Communications were on Tuesday severed to the flood-hit Libyan city of Derna and journalists were asked to leave, a day after hundreds protested against authorities they blamed for the thousands of deaths.
A tsunami-sized flash flood broke through two aging river dams upstream from the city on the night of Sept. 10 and razed entire neighborhoods, sweeping thousands into the Mediterranean Sea.
Telephone and Internet links provided by Libya’s two operators had been disconnected in Derna since 1:00am on Tuesday, a journalist said after getting out of the city.
Photo: AFP
Authorities had asked most journalists to leave Derna and hand over permits that had allowed them to cover the disaster, the same source said.
The restrictions came after protesters had massed at the city’s grand mosque, venting their anger at authorities they blamed for failing to maintain the dams or to provide early warning of the disaster.
“Thieves and traitors must hang,” they shouted, before some protesters torched the house of the town’s unpopular mayor.
The national Libyan Post Telecommunications & Information Technology Co said communications were down as a result of “a rupture in the optical fiber” link to Derna.
The company said the outage, which also affected other areas in eastern Libya, “could be the result of a deliberate act of sabotage” and pledged that “our teams are working to repair it as quickly as possible.”
Rescue workers have kept digging for bodies, with the official death toll put at 3,351 and many thousands more missing since the flood caused by torrential rains from Mediterranean Storm Daniel.
Fourteen rescue teams were still at work in Derna, including 10 from abroad, said Mohamed Eljarh, spokesperson for the committee leading the emergency response.
He denied rumors of an imminent evacuation of the city, saying that only the most affected areas had been “isolated.”
The huge wall of water that smashed into Derna completely destroyed 891 buildings and damaged more than 600 more, a Libyan government report based on satellite images said.

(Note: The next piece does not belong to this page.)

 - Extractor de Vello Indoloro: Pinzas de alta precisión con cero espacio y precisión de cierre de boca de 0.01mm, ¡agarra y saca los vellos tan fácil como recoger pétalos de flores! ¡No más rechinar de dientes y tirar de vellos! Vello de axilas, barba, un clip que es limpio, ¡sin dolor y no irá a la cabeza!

Libya remains split between a UN-backed and nominally interim government in Tripoli in the west, and another in the disaster-hit east backed by military strongman Khalifa Haftar.

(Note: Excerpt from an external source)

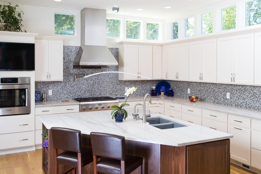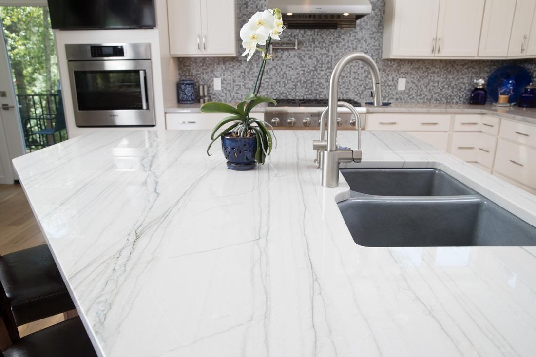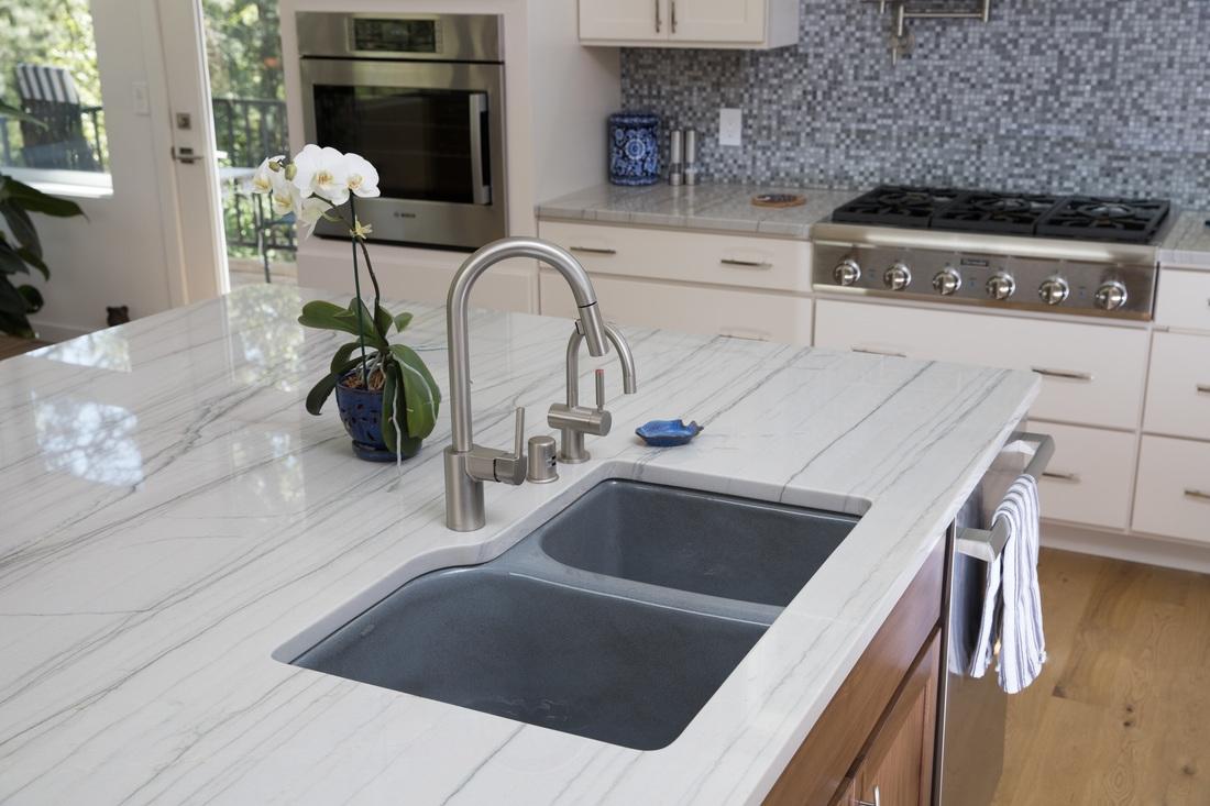 Для отделки рабочей зоны заказчик выбирал материал белого цвета. Сперва он остановил свой выбор на классическом белом мраморе с легким рисунком серых прожилок. Однако, выяснив высокий уровень загрузки на кухне (в доме будет жить большая семья), наши мастера посоветовали выбрать более устойчивый камень. Кварцит Bianco Macaubas - превосходный аналог мрамора. Он обладает белоснежным тоном и мелкозернистой структурой. Но у него есть одно весомое преимущество - его прочностные характеристики. Это очень плотный и твердый камень, состоящий из мельчайших кварцевых частиц (а кварц, как известно, один из самых прочных породообразующих минералов). Кварцит не вступает в реакцию с бытовыми и пищевыми кислотами. Его сложно поцарапать и почти невозможно оставить невыводимое пятно. В этом заключаются его главные отличия от мрамора.

On Monday, demonstrators in Derna chanted angry slogans against the parliament in eastern Libya and Libyan House of Representatives Speaker Aguila Saleh.
“The people want parliament to fall,” they chanted.

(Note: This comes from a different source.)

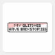 This pixel-perfect wall art features the witty phrase **“My glitches have backstories” ** rendered in classic chat box style—ideal for retro gamers, nostalgic nerds, and digital storytellers alike.

Others shouted “Aguila is the enemy of God,” and a protest statement called for “legal action against those responsible for the disaster.”
Al-Masar television said the leader of the eastern-based government, Oussama Hamad, responded by dissolving the Derna municipal council.
Libya watchers on Tuesday considered the telecom outage of Derna a deliberate act, intended to silence the protesters.
Tarek Megrisi, senior policy fellow at the European Council on International Relations, wrote on X, formerly known as Twitter, of “extremely grim news from #Derna, still reeling from the horrific floods.”
“Residents are now terrified of an imminent military crackdown, seen as collective punishment for yesterday’s protest and demands,” Megrisi wrote.
UN Secretary-General Antonio Guterres on Tuesday called the Derna flood a symbol of the world’s ills as he opened the annual UN General Assembly.
“Even as we speak now, bodies are washing ashore from the same Mediterranean Sea where billionaires sunbathe on their super yachts,” Guterres said. “Derna is a sad snapshot of the state of our world — the flood of inequity, of injustice, of inability to confront the challenges in our midst.”